Diaphragmatic breathing, also known as belly breathing, is a type of deep breathing technique that helps you get more oxygen into your lungs. It is often used for relaxation, stress relief and improved respiratory function.

How to do it:

  1. Lie on your back with your knees bent and your feet flat on the floor.
  2. Place one hand on your chest and the other on your stomach.
  3. Breathe in through your nose, letting your belly expand.
  4. As you exhale, tighten your abdominal muscles and exhale through your mouth.
  5. Repeat this pattern for 10 breaths.

Benefits of diaphragmatic breathing

Benefits of diaphragmatic breathing include reduced stress and anxiety, improved mood, increased energy levels, improved sleep quality, and improved respiratory function.

find the river

Nadi Shodhana, also known as alternate nostril breathing, is a type of pranayama (yogic breathing) that can help you control your breathing and promote relaxation.

How to do it:

  1. Sit in a comfortable position with your spine straight.
  2. Place your right hand on your right nostril and your left hand on your left knee.
  3. Breathe in through your left nostril.
  4. Close your left nostril with your thumb and exhale through your right nostril.
  5. Breathe in through your right nostril.
  6. Close your right nostril with your ring finger and exhale through your left nostril.
  7. Repeat this pattern for 10 breaths.

Advantages of river tracing

It is said to help improve overall respiratory function, increase mental clarity and calmness, reduce anxiety, improve sleep quality, and boost immunity.
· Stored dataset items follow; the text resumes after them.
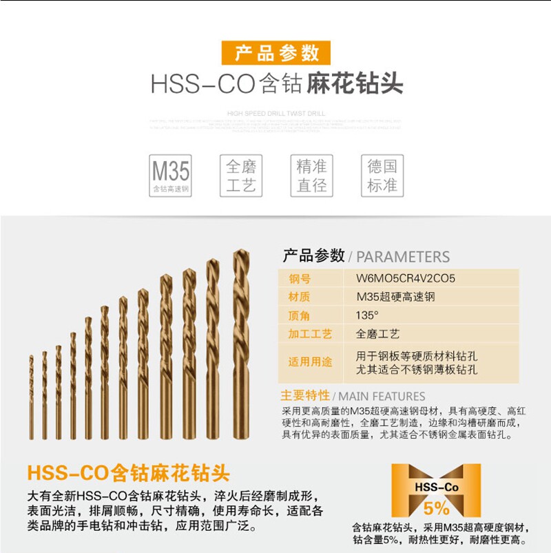 Cobalt-containing 3 0mm spark drill containing cobalt 3 2mm spark drilling containing cobalt 3 5mm spark drilling cobalt 4 0mm spark drilling containing cobalt 4 2mm spark drilling containing cobalt 4 5mm spark drill
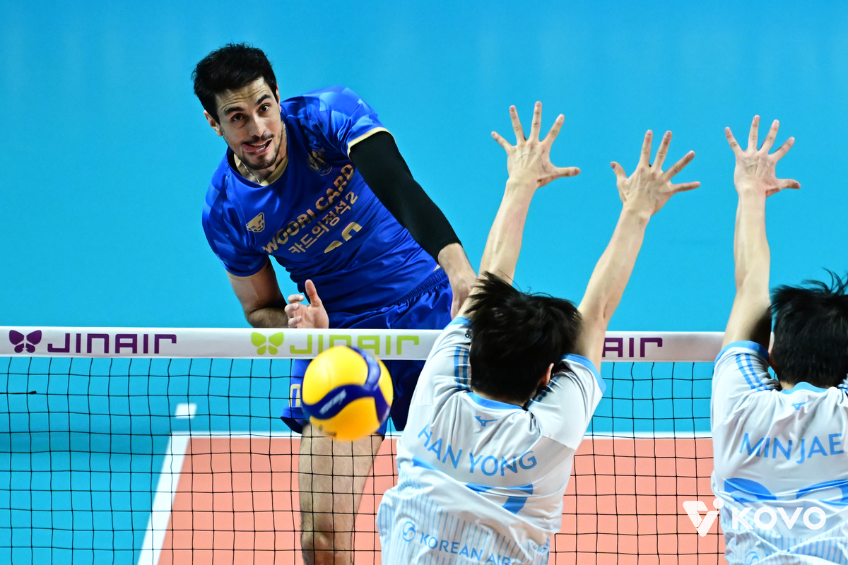 2세트, 우리카드로 분위기가 확 넘어갔다. 세트 초반 서브 범실이 갑자기 쏟아지며 3점 리드를 내주고 출발했지만, 차근차근 따라붙었다. 한태준의 토스 조율 속에 이상현의 속공이 살아났고, 아라우조가 변함없이 고효율 공격을 뿜어냈다. 김지한을 대신해 교체 투입된 한성정이 수비 밸런스를 더하며 15-12, 3점 리드를 빼앗아 오는 저력을 과시했다. 알리의 서브가 또 상대 리시브 라인을 흔들며 경기 3번째 서브 득점을 수놓은 끝에 19-14로 차이를 벌렸다. 이 리드를 그대로 가져간 우리카드가 또 한걸음을 앞섰다.
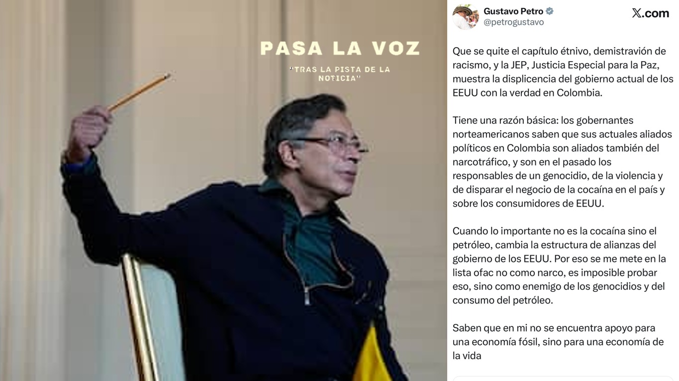 El pronunciamiento del jefe de Estado colombiano ocurre en un momento de tensión diplomática, luego de varios desencuentros públicos entre el Gobierno Petro y autoridades estadounidenses en temas de cooperación antidrogas y política internacional.
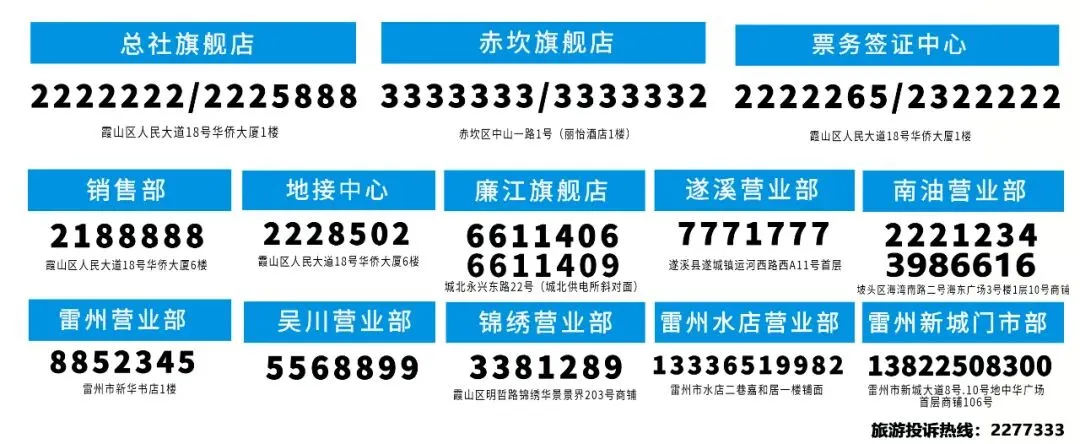 欢迎咨询湛江中旅各营业部。
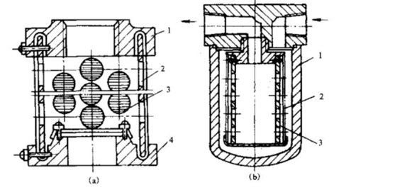 It is composed of a top cover 1, a shell 2, a fine metal wire 3 and a cylindrical skeleton 4, and the residual particles with a diameter of d >0.03~0.1 mm are removed, and the pressure loss is 0.07~0.35 MPa, and the flow capacity is large, but it is not easy to clean. Mesh filters and line-gap filters are surface-type filters, as shown in Figure 5.5.
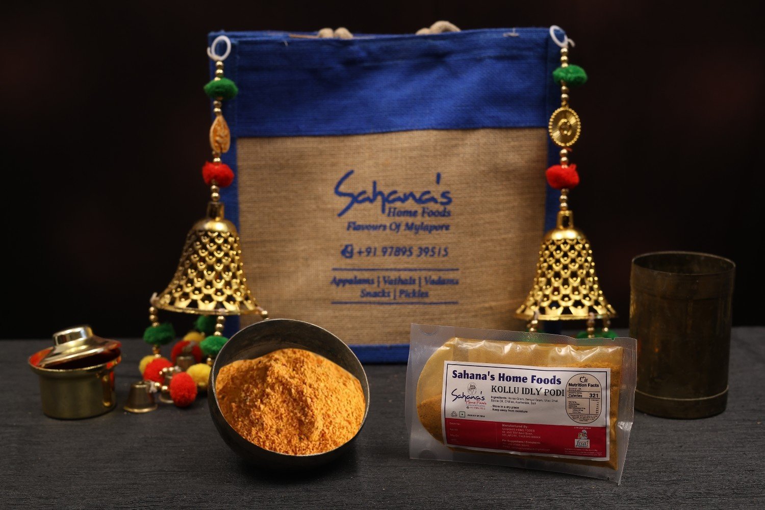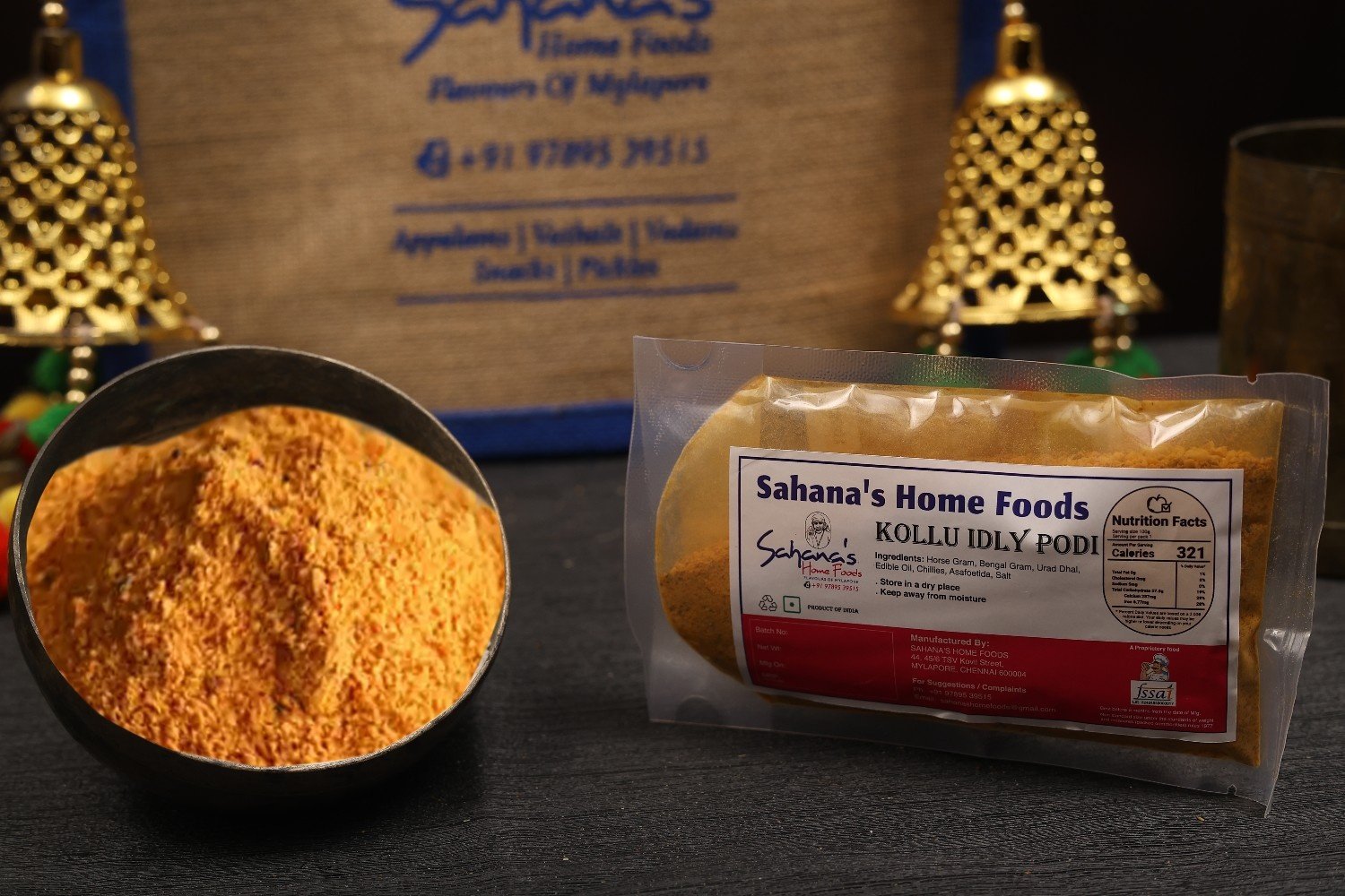 Healthy podi made from horse gram (kollu), offering high protein and ideal for idli or dosa.

Additionally, the river helps balance the sympathetic and parasympathetic nervous systems. Regular practice of this technique leads to improved overall health and well-being.

Mindful breathing

Mindful breathing is a mindfulness meditation where you focus on your breath and use it as an anchor to bring your attention back to the present moment whenever you find your mind wandering.

How to do it:

  1. Sit in a comfortable position with your spine straight.
  2. Place one hand on your stomach and the other on your heart.
  3. Breathe in through your nose, letting your belly expand.
  4. As you exhale, tighten your abdominal muscles and exhale through your mouth.
  5. Repeat this pattern for 10 breaths, focusing on the sensations of your breath.

Benefits of Mindful Breathing

The benefits associated with mindfulness are well documented and varied. These may include improved cardiovascular health, better sleep quality, lower stress levels, reduced inflammation, and increased focus and concentration.

Research has even shown that mindful breathing can help reduce symptoms of anxiety and depression.

deep breath

Deep breathing is a type of diaphragmatic breathing that helps you get more oxygen into your lungs.

How to do it:

  1. Lie on your back with your knees bent and your feet flat on the floor.
  2. Place one hand on your chest and the other on your stomach.
  3. Breathe in through your nose, letting your belly expand.
  4. As you exhale, tighten your abdominal muscles and exhale through your mouth.
  5. Repeat this pattern for 10 breaths, taking deep breaths, allowing your abdomen to fully expand each time.

Benefits of Deep Breathing

Deep breathing exercises are simple yet powerful tools that benefit your mind and body.

Deep breathing exercises are considered an excellent relapse prevention strategy. When you breathe deeply, it signals your brain to relax. It can help reduce anxiety and stress, and it can also boost your mood and energy levels.

Deep breathing helps increase oxygen supply to your cells, improving overall physical health.

Additionally, deep breathing can help reduce pain by lowering the levels of pain-relieving hormones in your body.

Finally, deep breathing can promote better sleep by helping you relax and fall asleep more quickly.

Leave a Reply

Your email address will not be published.